UNITED STATES
SECURITIES AND EXCHANGE COMMISSION
Washington, D.C. 20549


FORM 8-K


CURRENT REPORT


Pursuant to Section 13 or 15(d) of the Securities and Exchange Act of 1934



Date of Report (date of earliest event reported): November 3, 2015



                   Blue Water Global Group, Inc.                   

 (Exact name of registrant as specified in its charter)



                          Nevada                           

(State or other jurisdiction

of incorporation)

           333-174557                     

(Commission

File Number)

                      45-0611648          

(I.R.S. Employer

Identification Number)



              Wellsburg Street #7, Cole Bay, St.

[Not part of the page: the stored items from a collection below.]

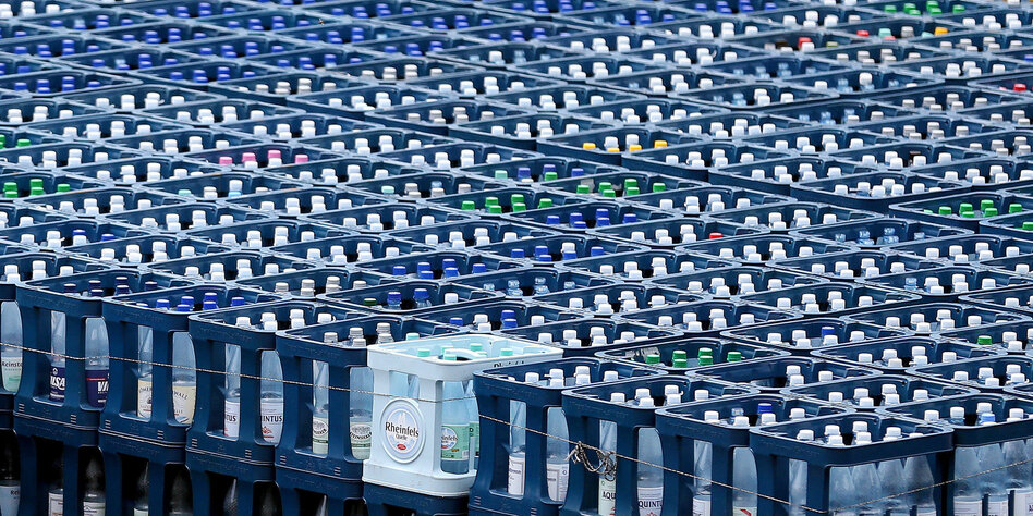 (IMG) Bild: Leere Getränkekisten mit PET-Mehrwegflaschen bei Rheinfelsquellen in Duisburg
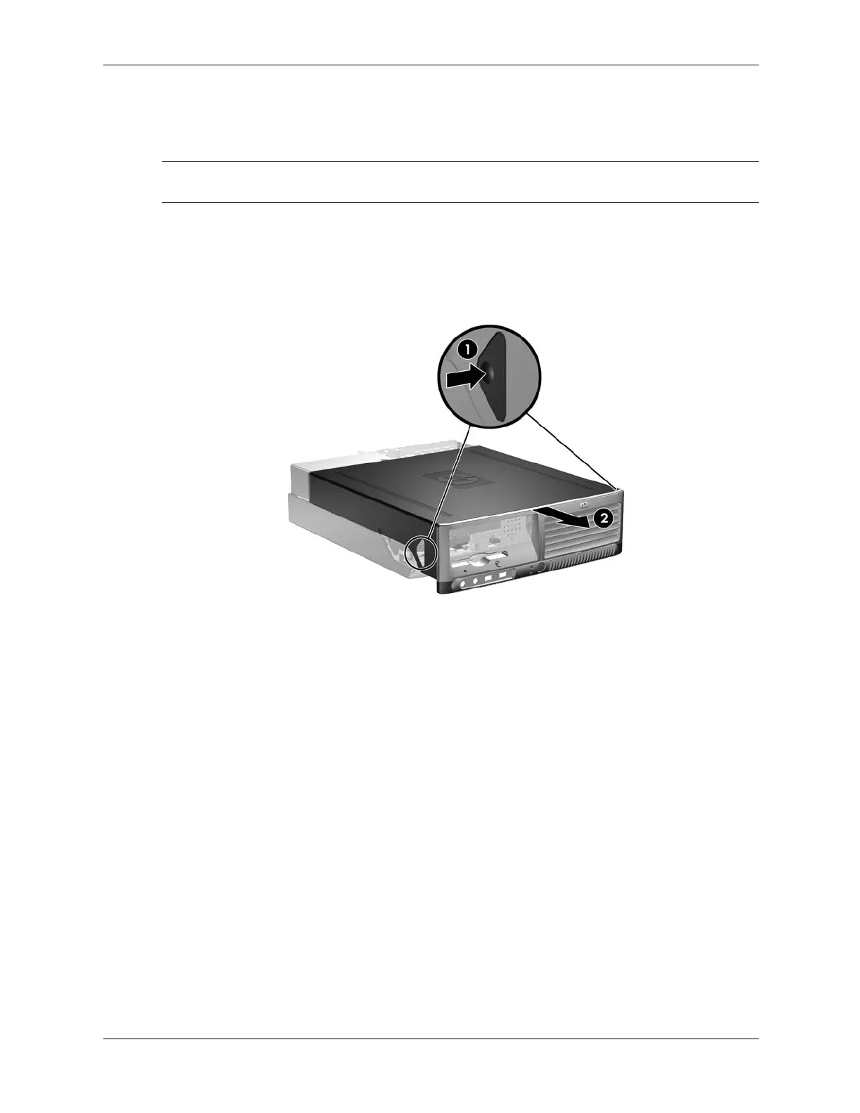 2. Slide the computer cover towards the front of the computer until it stops 2, then lift it up and
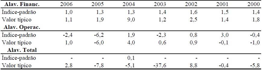 Por conseguinte, as empresas apresentaram redução no giro do ativo e estabilidade nos índices de imobilização. Evidencia-se, também, a estagnação das taxas de crescimento com recursos próprios e a ausência de alavancagem operacional. Em contrapartida às perdas na atividade operacional, as empresas recorreram a ganhos no mercado financeiro, os quais somados aos ganhos com equivalência patrimonial e outros resultados não operacionais, compensaram os prejuízos da atividade operacional, propiciando aumentos na margem líquida final.
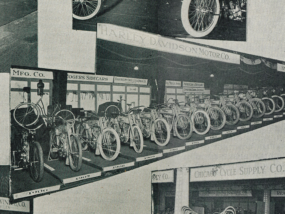 As the 1919 Chicago Motorcycle Show approached, the founders of Harley-Davidson planned to do something different. In addition to the newest motorcycles and bicycles for sale, they wanted a historical display of H-D motorcycles going back to the earliest years of production. After only 16 years, the Harley-Davidson Motor Company was proud of its history and innovation.
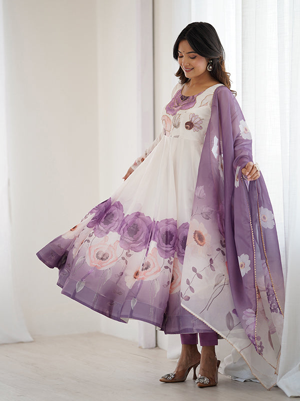 Violet Pink Floral Printed Anarkali Gown With Pant & Dupatta Set Violet Pink Floral Printed Anarkali Gown With Pant & Dupatta Set
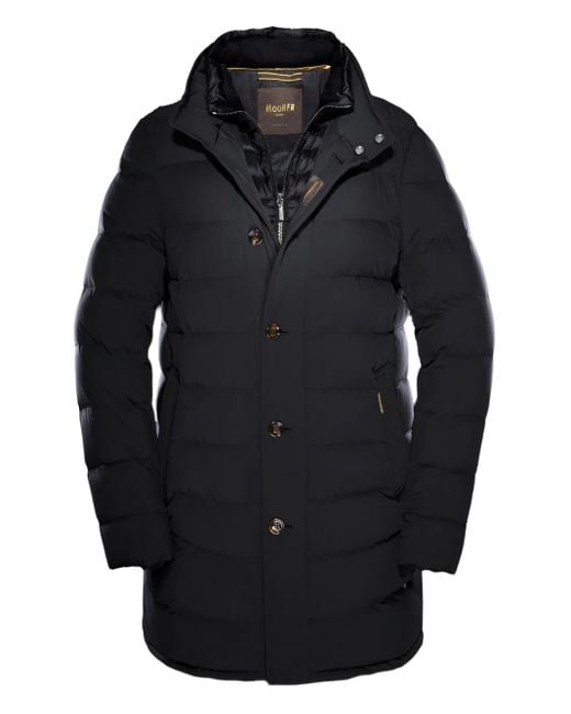 Black padded design quilted finish high neck front button fastening long sleeves two diagonal pockets to the sides central rear vent layered design Size: 60. Gender: Male. Material:Polyamide/Polyamide/Polyester/Polyurethane/Virgin Wool. Colour: blue

Maarten, Dutch West Indies              

 (Address of principal executive offices and zip code)


 

            Tel: (949) 264-1475, Fax: (949) 607-4052         

 (Registrant’s telephone number, including area code)


 

Check the appropriate box below if the Form 8-K filing is intended to simultaneously satisfy the filing obligation of the registrant under any of the following provisions (see General Instruction A.2.below):

 

¨

Written communications pursuant to Rule 425 under the Securities Act (17 CFR 230.425)


¨

Soliciting material pursuant to Rule I4a-12 under the Exchange Act (17CFR240.14a-12)


¨

Pre-commencement communications pursuant to Rule 14d-2(b) under the Exchange Act (17CFR 240.14d-2(b))


¨

Pre-commencement communications pursuant to Rule 13e-4(c) under the Exchange Act (17 CFR 240.13e-4(c))

 





Forward Looking Statements

 

This Form 8-K and other reports filed by the Registrant from time to time with the Securities and Exchange Commission (collectively, “Filings”) contain or may contain forward looking statements and information that are based upon beliefs of, and information currently available to, our management as well as estimates and assumptions made by our management.  When used in the filings the words “anticipate”, “believe”, “estimate”, “expect”, “future”, “intend”, “plan” or the negative of these terms and similar expressions identify forward looking statements as they relate to our business or our management.  Such statements reflect management’s current view of our business with respect to future events and are subject to risks, uncertainties, assumptions and other factors (including the risks contained in the section of our Annual Report filed on Form 10-K entitled “Risk Factors”) relating to our industry, operations and results of operations, and other relevant aspects of our business.  Should one or more of these risks or uncertainties materialize, or should the underlying assumptions prove incorrect, actual results may differ significantly from those anticipated, believed, estimated, expected, intended or planned.

 

Although we believe the expectations reflected in the forward looking statements are reasonable, we cannot guarantee future results, levels of activity, performance or achievements.  Except as required by applicable law, including the securities laws of the United States, we do not intend to update any of the forward-looking statements contained within this Form 8-K and elsewhere.



Item 3.02

Unregistered Sales of Equity Securities


Union Capital, LLC (Blue Citi Replacement Note)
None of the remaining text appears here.